Funmi, what’s your creative occupation?
I’m a collage artist and freelance journalist. I started writing and creating art consistently in 2018. As an all-round media professional, communication summarises most of my work.
Where have you been?
I have a multidisciplinary career, evident in how I move seamlessly between different forms of communication. I started collaging when I was in primary school, mainly making mood boards based on fashion, or interesting landscapes. Then, I started submitting my work to places like the now-closed Rookie Mag by Tavi Gevinson, to feature on their site and Instagram. They had these collage kits that I would use to create the collages I would submit. My practice grew from there to where I am now; building my online community on Instagram and getting commissioned by brands and institutions like the Tate, Tinder and more. Additionally, I worked in student media at The Tab Edinburgh for almost two years, as well as interning at The Tab HQ in London.
Where are you now?
At the minute, I’m rounding off my bachelor’s degree and awaiting results. I study English Literature and have enjoyed improving my critical thinking and literary analysis skills over the years. In the meantime, I’m doing any freelance writing and art projects I can get my hands on before moving into the PR industry later this year. I enjoy writing features, where I can give more context behind the news and spotlight key social issues. For instance, I recently wrote a feature for gal-dem where I got to dive into the historical biases behind TikTok beauty trends. I like stories that are conscious of history, and that can track solutions, to see what responses to social issues are and aren’t working – and why.
Where are you going?
I plan on expanding my creative practice in whatever ways feel most natural, and committing to working in line with my values and interests, whatever project comes my way. I don’t like setting specific goals, e.g. working for a certain company, because I like to keep my horizons open.
I’m invested in society and the issues that lie under the surface of what is readily discussed. I love pop culture and finding the answers to questions about what people consume, in terms of ideas and material things.
Finally, what’s occupying your thoughts today?

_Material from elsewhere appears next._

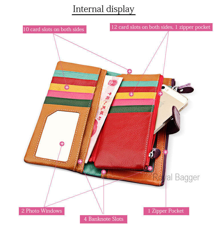 ROYAL BAGGER Purse for Women Genuine Cow Leather Long Wallet Ladies Multifunction Card Holders Wallets Fashion Casual Work Party Clutch Bag

Different industries require different skills and, at the beginning of your journey, it’s vital to understand what those specific skills and experiences are so that you put yourself in a position to make progress. In my case, I’m a Journalist and started out freelancing and volunteering in student media to learn how to put an article together; the fundamentals of media law, image editing, SEO optimisation and publishing content using WordPress as a CMS. I also joined Twitter for the more invisible, long-term process of networking and sharing my work. Also, seek mentorship from people that look like you. Even if they are from a different background, their insights could be useful if they have a career you aspire to.